As an adult, Bruce is reserved and closed, so much so that he can’t even maintain a relationship with a beautiful fellow scientist, Betty Ross (Jennifer Connelly), whose Army general father (Sam Elliott) just happens to be the man who cracked down on Bruce’s father’s illegal experiments back in the 1960s. Bruce’s repressed emotions and memories become the stuff that fuels the Hulk and all the violence he inflicts. When he transforms, Bruce doesn’t remember what he does as the Hulk except as vague, dream-like images, although he does confess in one of the movie’s most moving scenes that, when the change starts to occur, he likes it. And who wouldn’t? Part Jekyll and Hyde, part King Kong, and part Frankenstein, the Hulk is pure fury unleashed, and his unstoppablility is a paean to our barely disguised desire to throw off the shackles of society and let our id run free.
Unlike most comic-book adaptations, there is no clear-cut hero and villain in Hulk. Considering that he is the physical incarnation of repressed anger, the Hulk himself is not a bad guy—just misunderstood. He is even capable of genuine tenderness whenever he is in the presence of Betty, but this points up one of the movie’s central weaknesses, namely that Bruce and Betty’s emotional connection never generates any real heat. There is an emotional connection between them in that they are both the children of neglectful egomaniacs, but that never fully registers in their interactions. It feels like a plot necessity, rather than a genuine relationship, and the movie’s Beauty-and-the-Beast ethos often suffers as a result. If there is a villain in the movie, it’s David Banner and his ludicrous ambitions and lack of care for anyone but himself, although there is also a yuppie businessman (Josh Lucas) who happens to be one of Betty’s ex-flames and wants to exploit the Hulk’s unique DNA in the name of capitalism.
Of course, the thing people are talking about the most are the digital effects in Hulk and whether the green giant looks real. To be honest, the effects are a mixed bag, as has been the case with all fully computer-generated characters, from Yoda to Gollum.
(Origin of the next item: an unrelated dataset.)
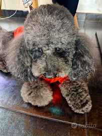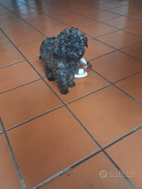 Splendido cucciolo di barboncino Toy,mamma e papà barboncino Toy visibili, maschietto colore particolarissimo tenderà a schiarire e diventare completamente grigio chiaro silver ,padre visibile come si evince in foto il colore chiaro particolare.

When he doesn’t move much, the Hulk is quite convincing, and some of his close-ups have the kind of emotional detail that really registers. On the other hand, some of the action sequences that involve the Hulk running or bouncing (he can leaps thousands of feet at a time) look too cartoonish. It’s never horribly distracting, though, although it makes one wish that the filmmakers had kept the Hulk lurking the shadows more than they did.
If the digital Hulk is sometimes lacking, the rest of the movie’s visual approach is a knock-out. Lee and editor Tim Squyres (Crouching Tiger, Hidden Dragon) have devised a consistently enthralling use of split-screens, picture-in-picture, vertical and horizontal wipes, and rapid zooms to replicate the visual appeal of a comic book layout, so at various times it appears as though you’re glancing across comic panels that have come to life. It’s a dizzying, often exhilarating visual feat that does wonders in intensifying the narrative and keeping it moving along, even when it bottlenecks in a somewhat ludicrous climax that may have people returning to theaters just to figure out what exactly happened.